Postprocessing, multiple comparisons¶
- class utils.postprocessing.aggregated_metrics(feature_dominance: bool = True, acc_err: bool = True, time: bool = True)¶
Bases:
object- __init__(feature_dominance: bool = True, acc_err: bool = True, time: bool = True)¶
Gathers feature order and priority, accuracy, and error over multiple AHFS runs from logs, saving results in figures.
- Parameters:
feature_dominance (bool) – If True, calculates feature dominance and related score. Default value is True.
acc_err (bool) – If True, calculates accuracy and error mean. Default value is True.
time (bool) – If True, aggregates evaluation and total runtime. Default value is True.
- compare_two(set_a: dict[str, dict | str], set_b: dict[str, dict | str], feat_count: dict[str, int], save_path: str) None¶
Compares two dictionaries of AHFS evaluations, plots the differences and saves them as figures. Only feature scoring and loss values are compared.
- Parameters:
set_a (dict[str, dict | str]) – Dictionary containing all_selected, all_err, and label keys, latter being a string. Former two values should follow the format of variables returned by read_mat_logs or read_txt_logs.
set_b (dict[str, dict | str]) – See set_a. Ensure identical keys within the set dictionaries for dataset naming.
feat_count (dict[str, int]) – Number of selected features for all datasets.
save_path (str) – Directory where all figures should be saved.
- Returns:
None
- read_mat_logs(superdir: str)¶
File naming format is {dataset_name}-{log_type}_{arbitrary_text}.mat. Recognized log types are: E, fo, RR. RR should have no separator and arbitrary text before it and the file extension.
- Parameters:
superdir (str) – A directory containing all .mat log files.
- Returns:
A tuple of dictionaries of all per-iteration selected features, per-iteration accuracy, per-iteration error, and feature count for each dataset.
- Return type:
tuple[dict[str, np.ndarray], dict[str, np.ndarray], dict[str, np.ndarray], dict[str, int]]
- read_txt_logs(superdir: str)¶
Format of directory naming should follow convention set in logs.py.
- Parameters:
superdir (str) – Path of directory which contains subdirectories, each being a different AHFS run.
- Returns:
If feature_dominance and acc_err is True: a tuple containing dictionaries of all per-iteration selected features, per-iteration accuracy, per-iteration error, and feature count for each dataset. If only acc_err is True: a tuple containing dictionaries of per-iteration accuracy, per-iteration error, and feature count for each dataset.

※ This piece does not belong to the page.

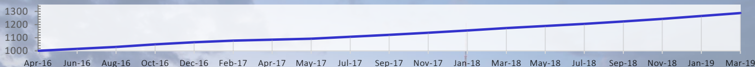
Anteilklasse E – EUR

Der Marshall Bridging Fund (MBF) bietet Anlegern die Möglichkeit, sichere und voraussehbare Renditen zu erzielen aus der kurzfristigen Finanzierung von Immobilienprojekten in größeren europäischen Städten mit Hauptaugenmerk auf Deutschland. Die Renditen des Fonds hängen nicht von der Wertsteigerung von Immobilien ab. Daher bleiben sie unberührt von der kurzfristigen Volatilität der Immobilienpreise.

If only feature_dominance is True: a tuple containing dictionaries of all per-iteration selected features and feature count for each dataset.
- run(feat_count: dict[str, int], save_path: str, all_selected: ndarray | None = None, all_acc: ndarray | None = None, all_err: ndarray | None = None) None¶
Plots all results obtained and saves figures at the specified path.
- Parameters:
feat_count (dict[str, int]) – Number of selected features for all datasets.
save_path (str) – Directory where all figures should be saved.
all_selected (np.ndarray | None) – Dictionary of per-iteration selected features for each dataset. If feature_dominance is True, an error is thrown if this variable is None. Default value is None.
all_acc (np.ndarray | None) – Dictionary of per-iteration accuracy for each dataset. If acc_err is True, an error is thrown if this variable is None. Default value is None.
all_err (np.ndarray | None) – Dictionary of per-iteration loss for each dataset. If acc_err is True, an error is thrown if this variable is None. Default value is None.
- Returns:
None